L’intervento del ministro rasserena Riccardo Pacifici, vicepresidente e portavoce della Comunità ebraica romana: «Non posso non esprimere grande soddisfazione per la sentenza riconosciuta dai tribunali italiani - dice - perché costituisce un importante precedente internazionale utile a far capire che chiunque colpisce nel mucchio poi incappa in conseguenze durissime anche a livello economico. La lettera della Farnesina, così com’era stata riportata sul Giornale, sinceramente rappresentava un fatto anomalo rispetto alle azioni ferme e decise che questo governo aveva posto in essere rispetto a Teheran e contro l’organizzazione di Hamas.
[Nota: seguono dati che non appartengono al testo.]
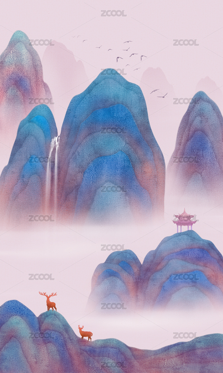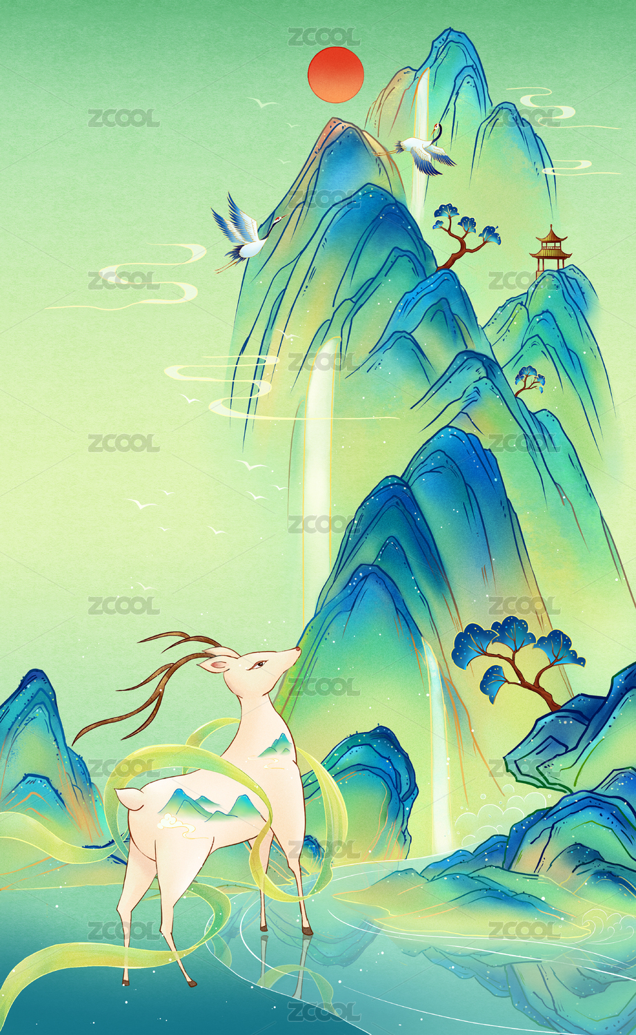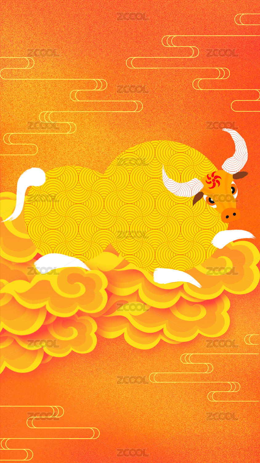 牛,金牛,牛年,春节,云,祥云,金色祥云,山,青山,千里江山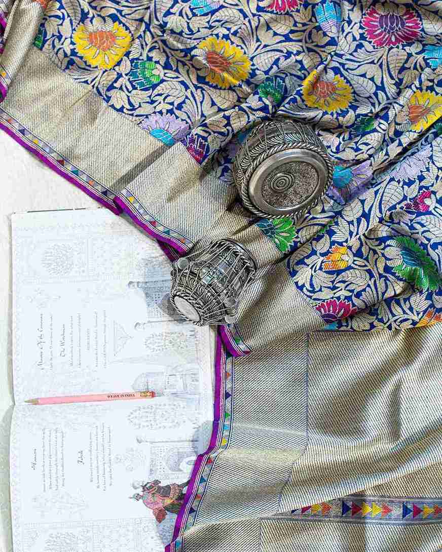 Royal Blue Kadwa Weave Banarasi Silk Saree with Meenakari Artistry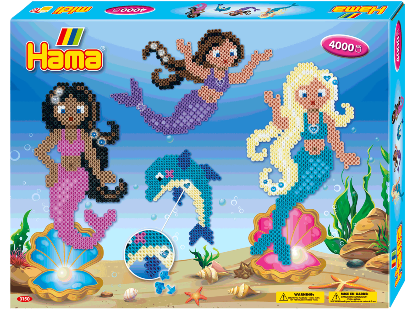 Hama Midi Havfrue gaveæske – 3150 Stort gavesæt med havfruetema. Indeholder 4.000 Midi-perler, to stiftplader, funklende sten m.m. Anbefales fra 5 år.

Bene, dunque, ha fatto il ministro Fini a precisare la posizione della Farnesina».
Soddisfatto anche Anthony Shipman, l’avvocato dei familiari dei ragazzi uccisi in Israele: «Prendiamo atto dell’iniziativa del ministro Fini, che ci rincuora. Ma allo stesso tempo ricordiamo che i giudici italiani non hanno fatto altro che applicare la legge. Le norme internazionali in materia sono chiare: si possono pignorare i soldi ad uso commerciale dello Stato ovunque essi si trovino. I soldi “protetti” sono solo quelli nella disponibilità della Rappresentanza per le spese d’ambasciata, quelli in conti non misti. Ci sono però precise eccezioni che trovano nell’ordinamento italiano precedenti specifici laddove si riscontrino abusi di diritti umani. E il terrorismo è uno di questi». Nel frattempo le famiglie di Arline Duker, Matthew Eisenfeld e Alisa Michelle Flatow scrivono queste poche righe al Giornale per ricordare che «qualunque risarcimento stabilito dai tribunali non rimpiazzerà mai i nostri cari.

Il denaro può essere solamente usato per atti di beneficenza e il giudizio del tribunale può, e deve, rappresentare un deterrente necessario a quei governi che sponsorizzano il terrorismo con una mancanza totale di umanità. A questo scopo siamo grati per il coraggio di tutti i giudici che hanno applicato la legge con rigore sia contro chi perpetra violenza sia contro i loro sponsor finanziari».